Scientists managed to find such mummies in the town of Abusir el-Melek on the banks of the Nile in central Egypt. It was a center of pilgrimage and worship for Osiris, the god of fertility and the Nile, and a popular burial place for nobles and officials from Memphis and other major cities of Ancient Egypt, as well as less wealthy people.

Over 150 mummies were buried here during the Middle Kingdom and in later historical periods. The genomes of 90 of them were only partially read, and only three mummies contained enough genetic material to completely restore DNA.

This, according to Krause, was quite enough to trace how the population of Ancient Egypt changed over time, how it was influenced by various events of that period, for example, the invasion of the "Sea Peoples" in the era of Ramses II or the ancient Romans and Macedonians in antiquity …

In total, as the sets of small mutations in the DNA of mummies show, about 300 thousand people lived in central Egypt at that time, and the population of this region remained almost unchanged throughout this period, which indicates its high stability.

As Krause and his colleagues note, the ancient Egyptians were related to the peoples living in the Levant, and were also close to the first inhabitants of Europe and the Anatolian Peninsula. Interestingly, the invasions of foreigners actually did not affect the life of the ancient Egyptians in any way and did not lead to large-scale genetic restructuring until the time of the fall of the Roman Empire.
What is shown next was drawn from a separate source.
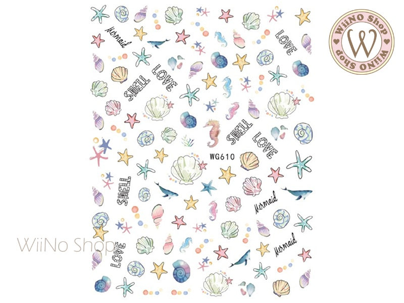 Watercolor Under the Sea Adhesive Nail Art Sticker - 1 pc (WG610)
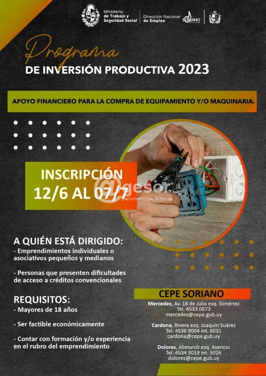 Se abrió período de inscripción para el Programa de Inversión Productiva 2023 del 12 de junio al 7 de julio, para recibir apoyo financiero para la compra de equipamiento y/o maquinaria.

Their modern descendants, the Coptic Egyptians, are very different in this respect from their ancestors - their DNA contains eight percent more genes inherited from populations of people from southern Africa. Why this happened, scientists do not yet know, but they believe that migration processes intensified after the fall of ancient empires, when people from the central regions of Africa began to move northward, populating the fertile Nile Valley and its delta.

One of the reasons for these migrations, as scientists suggest, could be the slave trade, which reached its peak during the Arab and Ottoman rule, but unambiguous conclusions can only be drawn after analyzing the DNA of people who lived in Egypt at that time.